# Nido Dry Whole Milk shelf life...



## virtualco (Feb 3, 2006)

Was in the garage rotating canned goods and stuff when I found two 14.1 ounce cans of Nido Dry Whole Milk stored in a box where they should not have been. Oops, don't know how that happened but anyway I opened one of the cans with my date of 5-10-06. The best used before date is 02/29/08. 

Made a glass of this whole milk and Wow, for being six years and eight months old it tasted pretty darned good! Made a pitchers worth and cooled it off over night and it had a very pleasant taste for dry milk. 

No clumping or discolorization, looks like normal powdered dry milk. Having a fat content I was thinking this Nido might be rancid and no good. But was pleasantly surprised at the good taste. 

Has anyone else have this kind of results with dry whole milk?

Thought I would share with you...


----------



## ladybug (Aug 18, 2002)

I have a can of this too, it is due to expire in February I think, I was just wondering how long it stays good when unopened!


----------



## DryHeat (Nov 11, 2010)

I've been puzzling about fat rancidity over time quite a bit, too. I think I saw in some reading that certain fats go really bad much faster than others, perhaps it was that the really long-chain saturated molecules break into the smaller ones and you're cooked if those include stuff like butyric acid as one of the smaller byproduct molecules that accumulates. Perhaps milkfats, or what's left in Nido, aren't prone to the deterioration, at least if properly stored. I've been eyeing that brand at Wally-world debating stocking some amount as a basic prep but worried about the fat content, too. Maybe I'll pull the trigger on buying some now, that's an encouraging report.


----------



## virtualco (Feb 3, 2006)

DryHeat, most recent Nido I bought has my date of 1-15-13 but has a best of use date of October 30, 2013... Only nine months and some change before best used by date. Can't figure that out as all cans on shelf had this date and many times I have shopped, Nido has been bought out.

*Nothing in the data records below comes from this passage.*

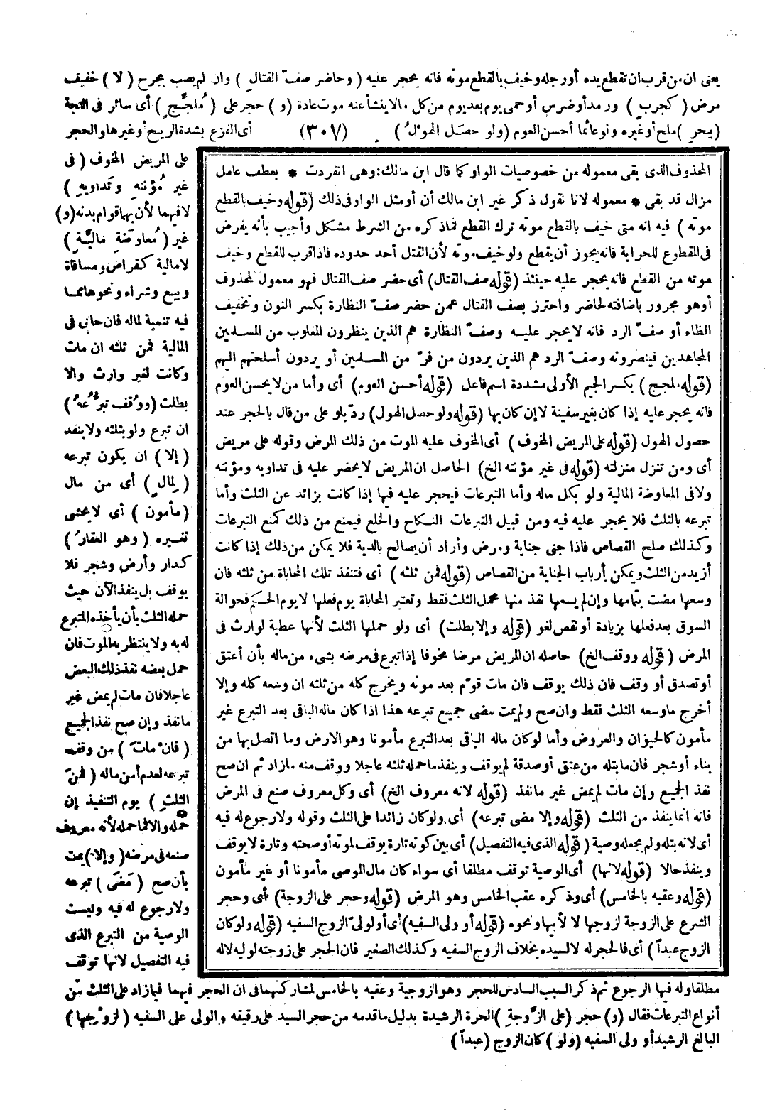 يَعْنِي أَنَّ مَنْ قَرُبَ أَنْ تُقْطَعَ يَدُهُ أَوْ رِجْلُهُ وَخِيفَ بِالْقَطْعِ مَوْتُهُ فَإِنَّهُ يُحْجَرُ عَلَيْهِ (وَحَاضِرِ صَفِّ الْقِتَالِ) وَإِنْ لَمْ يُصَبْ بِجُرْحٍ (لَا) خَفِيفِ مَرَضٍ (كَجَرَبٍ) وَرَمَدٍ أَوْ ضِرْسٍ أَوْ حُمَّى يَوْمٍ بَعْدَ يَوْمٍ مِنْ كُلِّ مَا لَا يَنْشَأُ عَنْهُ مَوْتٌ عَادَةً (و) حُجِرَ عَلَى (مُلَجِّجٍ) أَيْ سَائِرٍ فِي اللُّجَّةِ (بِبَحْرٍ) مِلْحٍ أَوْ غَيْرِهِ وَلَوْ عَائِمًا أَحْسَنَ الْعَوْمِ (وَلَوْ حَصَلَ الْهَوْلُ) أَيْ الْفَزَعُ بِشِدَّةِ الرِّيحِ أَوْ غَيْرِهَا وَالْحَجْرُ عَلَى الْمَرِيضِ الْمُخَوَّفِ (فِي غَيْرِ مُؤْنَتِهِ وَتَدَاوِيهِ) لَا فِيهِمَا؛ لِأَنَّ بِهِمَا قِوَامَ بَدَنِهِ (و) غَيْرِ (مُعَاوَضَةٍ مَالِيَّةٍ) لَا مَالِيَّةٍ كَقِرَاضٍ وَمُسَاقَاةٍ وَبَيْعٍ وَشِرَاءٍ وَنَحْوِهَا مِمَّا فِيهِ تَنْمِيَةٌ لِمَالِهِ فَإِنْ حَابَى فِي الْمَالِيَّةِ فَمِنْ ثُلُثِهِ إنْ مَاتَ وَكَانَتْ لِغَيْرِ وَارِثٍ وَإِلَّا بَطَلَتْ (وَوُقِفَ تَبَرُّعُهُ) إنْ تَبَرَّعَ وَلَوْ بِثُلُثِهِ وَلَا يَنْفُذُ (إلَّا) أَنْ يَكُونَ تَبَرُّعُهُ (لِمَالٍ) أَيْ مِنْ مَالٍ (مَأْمُونٍ) أَيْ لَا يُخْشَى تَغَيُّرُهُ (وَهُوَ الْعَقَارُ) كَدَارٍ وَأَرْضٍ وَشَجَرٍ فَلَا يُوقَفُ بَلْ يَنْفُذُ الْآنَ حَيْثُ حَمَلَهُ الثُّلُثُ بِأَنْ يَأْخُذَهُ الْمُتَبَرِّعُ لَهُ بِهِ وَلَا يَنْتَظِرُ بِهِ الْمَوْتَ فَإِنْ حَمَلَ بَعْضَهُ نَفَذَ ذَلِكَ الْبَعْضُ عَاجِلًا فَإِنْ مَاتَ لَمْ يَمْضِ غَيْرُ مَا نَفَذَ وَإِنْ صَحَّ نَفَذَ الْجَمِيعُ (فَإِنْ مَاتَ) مَنْ وُقِفَ تَبَرُّعُهُ لِعَدَمِ أَمْنِ مَالِهِ (فَمِنْ الثُّلُثِ) يَوْمَ التَّنْفِيذِ إنْ حَمَلَهُ وَإِلَّا فَمَا حَمَلَهُ؛ لِأَنَّهُ مَعْرُوفٌ صَنَعَهُ فِي مَرَضِهِ (وَإِلَّا) يَمُتْ بِأَنْ صَحَّ (مَضَى) تَبَرُّعُهُ وَلَا رُجُوعَ لَهُ فِيهِ وَلَيْسَتْ الْوَصِيَّةُ مِنْ التَّبَرُّعِ الَّذِي فِيهِ التَّفْصِيلُ؛ لِأَنَّهَا تُوقَفُ مُطْلَقًا وَلَهُ فِيهَا الرُّجُوعُ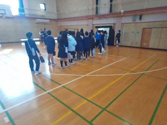 2月2日(月)14時より体育館にて、東三国小学校と新東三国小学校の6年生を迎えて、小中交流交歓会を行いました。中学校生活を迎えるにあたって、中学校はどんなところなのか、どんな授業をするのか、どんなクラブがあるのかを知ってもらう会となります。生徒会が司会や進行を行いました。最初に学校長より挨拶と、中学校へ入学する心構えを持っておいてほしい、と話がありました。その後、授業を受ける教室や会場へ移動しました。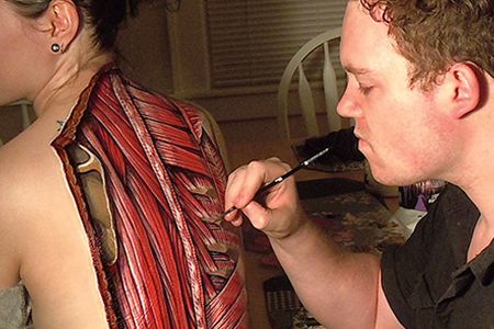 Artist Danny Quirk’s paintings on the skin of willing friends show in textbook-like detail the muscle, bone and tissue that lie underneath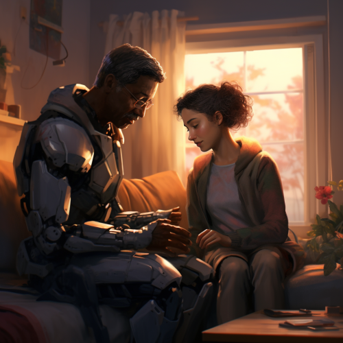 Capture the concept of AI-driven empathy through a visual narrative, depicting a heartwarming scenario where AI understands and comforts a person in need.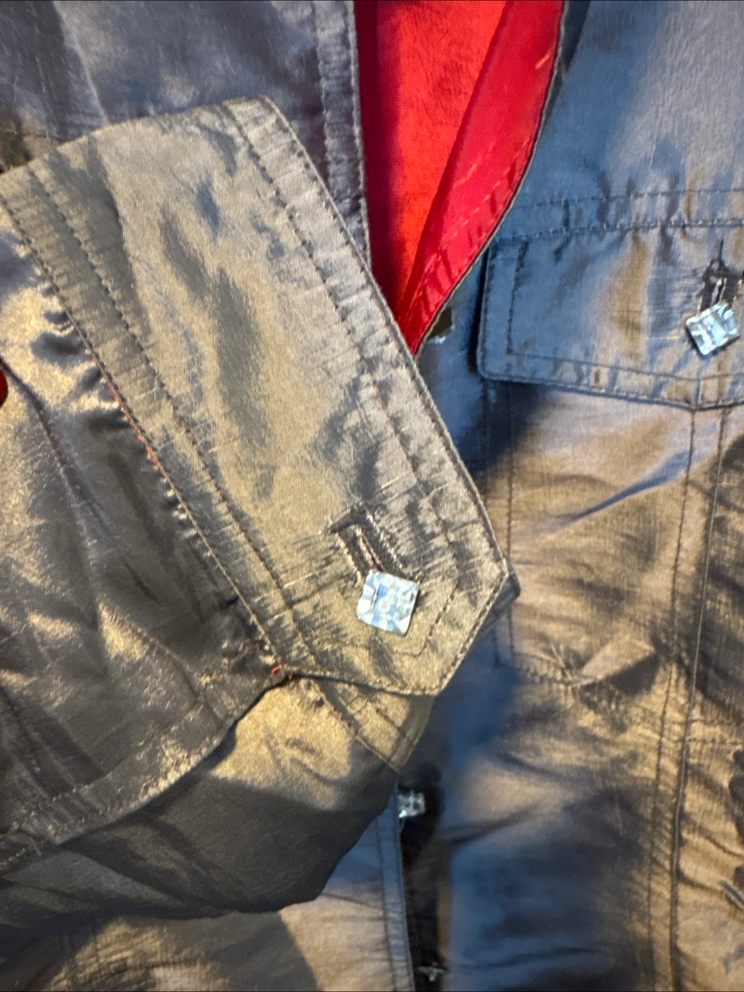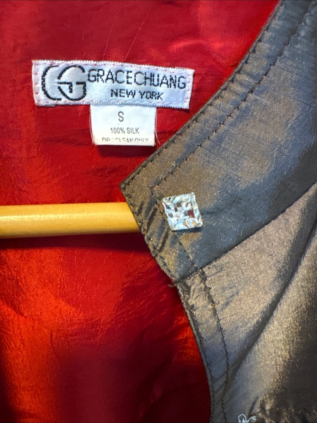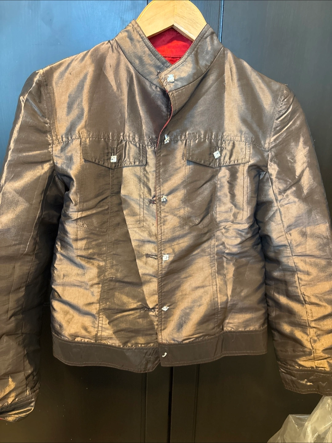 Beautiful metallic brown jacket. Size small. 100% silk. Dry clean only. Red silk lining. Features decorative buttons.
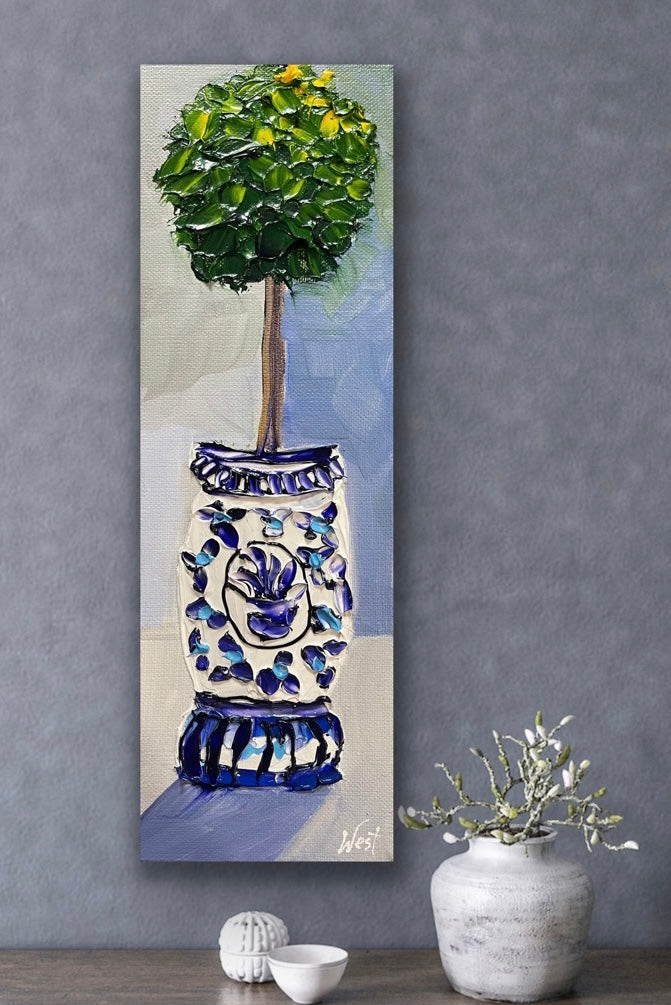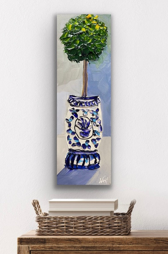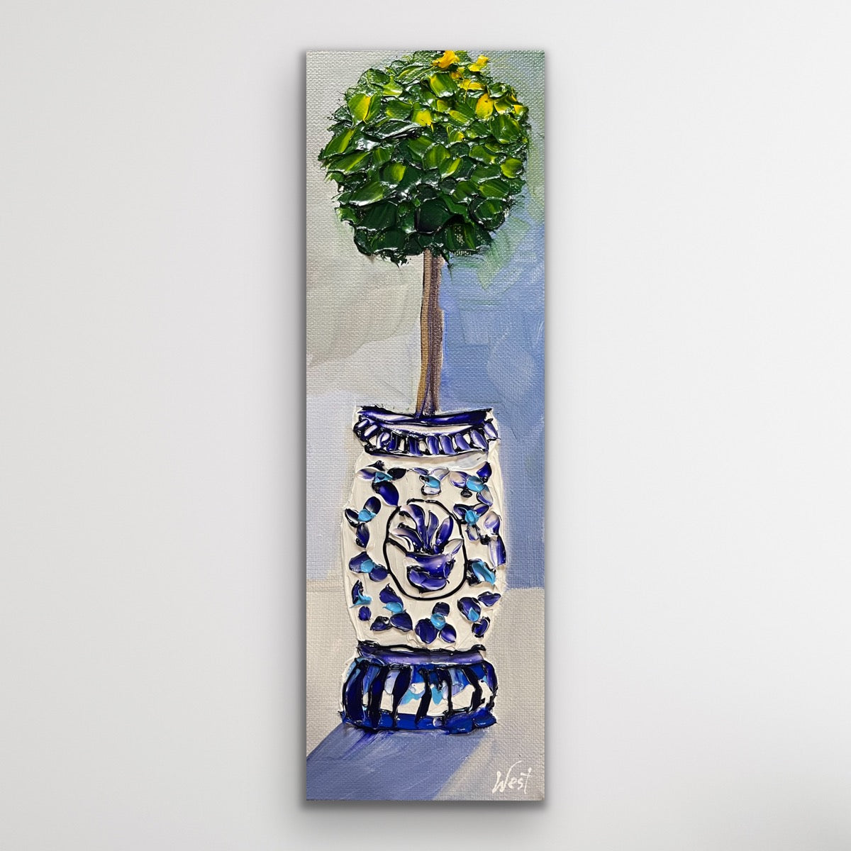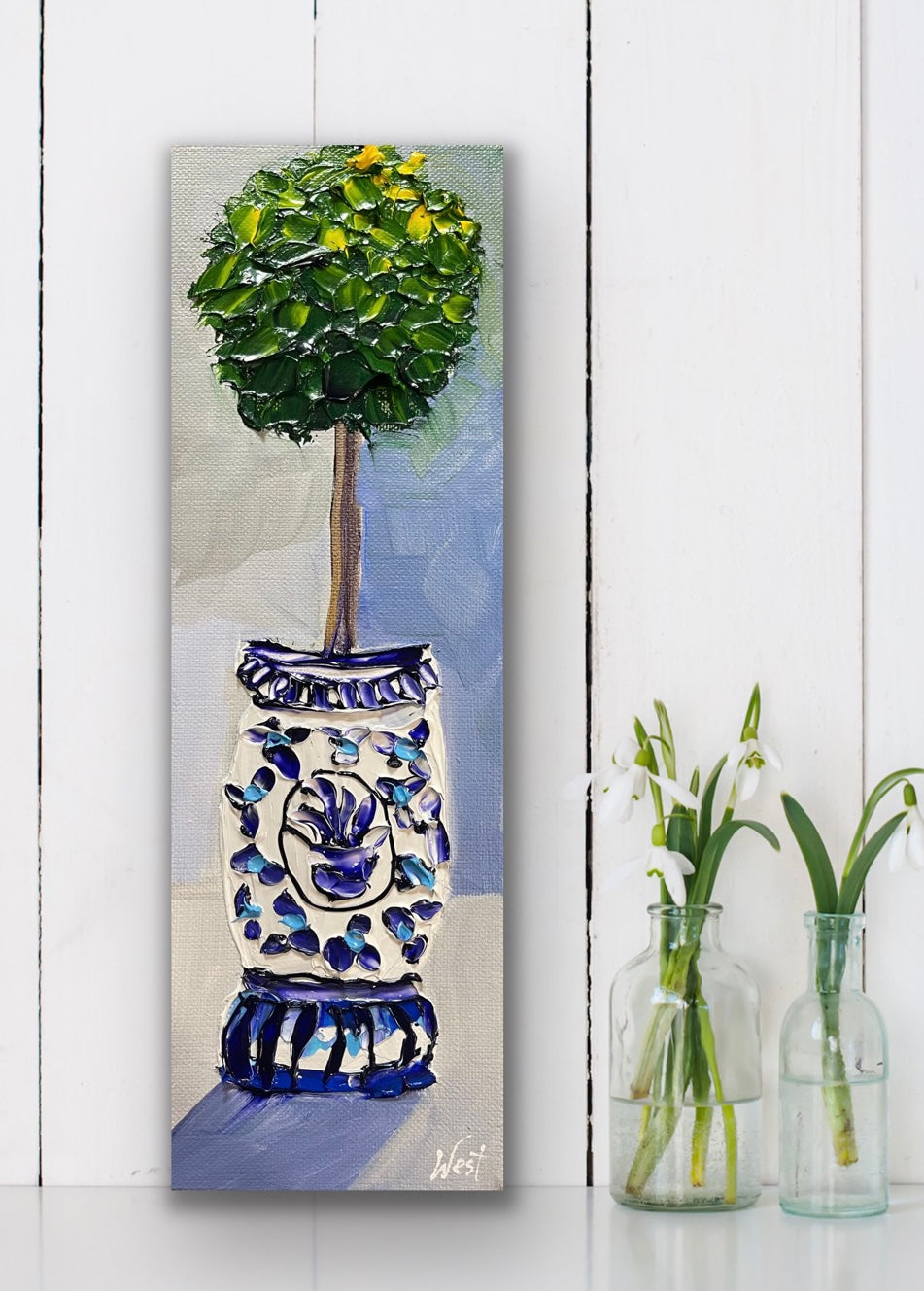 I hope you will enjoy this delightful small painting that captures the classic charm of a neatly trimmed green topiary, gracefully placed in a charming ginger jar.

I am comfortable that I can get a couple of years past the 'use by' date using my 2006 Nido can as my example of shelf life. I will just have to keep a better eye on my rotation and try not to squirrel food stuff all over the place.


----------



## terri9630 (Mar 12, 2012)

I have several cans of the Nido. I have one open and saved vacuum sealed in a mason jar. After 2yrs its still good.


----------



## anniew (Dec 12, 2002)

What does the ingredient part of the label say. Do I remember that it is made up of a lot of stuff other than milk?


----------



## terri9630 (Mar 12, 2012)

anniew said:


> What does the ingredient part of the label say. Do I remember that it is made up of a lot of stuff other than milk?


Whole milk, soy lecithin, vit C, iron,vit A, zinc and D3.


----------



## Reenee (Jan 1, 2021)

virtualco said:


> Was in the garage rotating canned goods and stuff when I found two 14.1 ounce cans of Nido Dry Whole Milk stored in a box where they should not have been. Oops, don't know how that happened but anyway I opened one of the cans with my date of 5-10-06. The best used before date is 02/29/08.
> 
> Made a glass of this whole milk and Wow, for being six years and eight months old it tasted pretty darned good! Made a pitchers worth and cooled it off over night and it had a very pleasant taste for dry milk.
> 
> ...


Has anyone froze their Nito? I would think that would give it a much longer shelf life but I can't find any info on that.


----------